What about ipvlan/macvlan instead of port forwarding? Or even routing the bridge networks directly?

Seems like such a critical piece for robust service discovery. I'm guessing most people are just relying on things like registrator for this?

+1

Using static ports are not an optimal solution when running docker compose and docker swarm.

+1 renders microservice discovery in a cluster of hosts impossible otherwise.

in the meantime, for anyone running a JVM based app in a container, I made this library which might be of help for you if you need to auto discover your ip/ports and that of your peers.

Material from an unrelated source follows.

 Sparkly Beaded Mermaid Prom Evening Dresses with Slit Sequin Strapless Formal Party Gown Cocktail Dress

It leverages registrator and is a drop in library you can use in your JVM based container app to do self discovery to form other clusters:

https://github.com/bitsofinfo/docker-discovery-registrator-consul

Image of <a href="https://github.com/bitsofinfo/docker-discovery-registrator-consul">https://github.com/bitsofinfo/docker-discovery-registrator-consul</a>

I also try to use registrator, I have also problem to connect registered service witch the specific container.

Like @bitsofinfo instead of adding manual UNIQUE_ID I add hostname of container to consul tags.

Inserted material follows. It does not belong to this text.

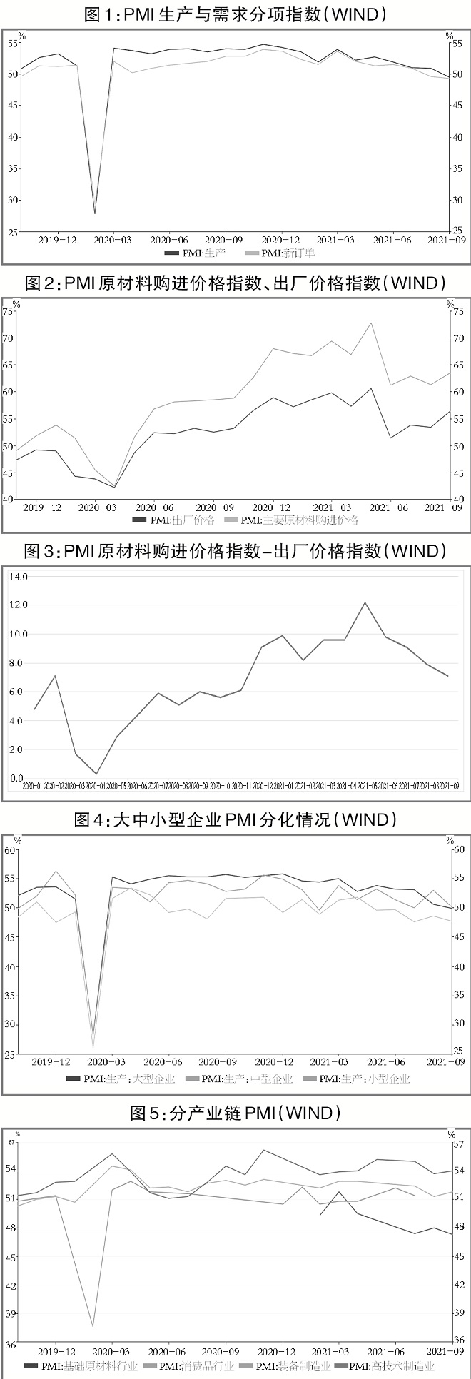 我國制造業PMI生產指數自2020年2月份以來首次跌落至“榮枯線”以下,環比大幅下行1.4個百分點至49.5%,是下滑最嚴重的分項,也是拖累制造業PMI下滑的最大因素。一般而言,除春節長假外生產指數會高于采購量指數,生產動力在前、采購意愿在后。今年9月份,我國首現生產指數低于采購量指數,生產指數從今年3月的高點53.9%一路下滑至49.5%,回落4.4個百分點;采購量指數則同步從今年3月份的高點53.10%一路下滑至49.7%,回落3.4個百分點。9月份生產指數低于采購量指數首現差值正0.2個百分點,釋放出生產受需求、限電等諸多因素限制而動力嚴重不足的信號。

I prepare PR to registrator to add hostname automatically during registering service.
https://github.com/gliderlabs/registrator/pull/396

+1

I'm waiting for this feature too, but seems no plan for it yet so far. Here is my workaround, its useful when working with docker-compose.

Its pretty tricky I know, but it works for me, hope its useful for someone else.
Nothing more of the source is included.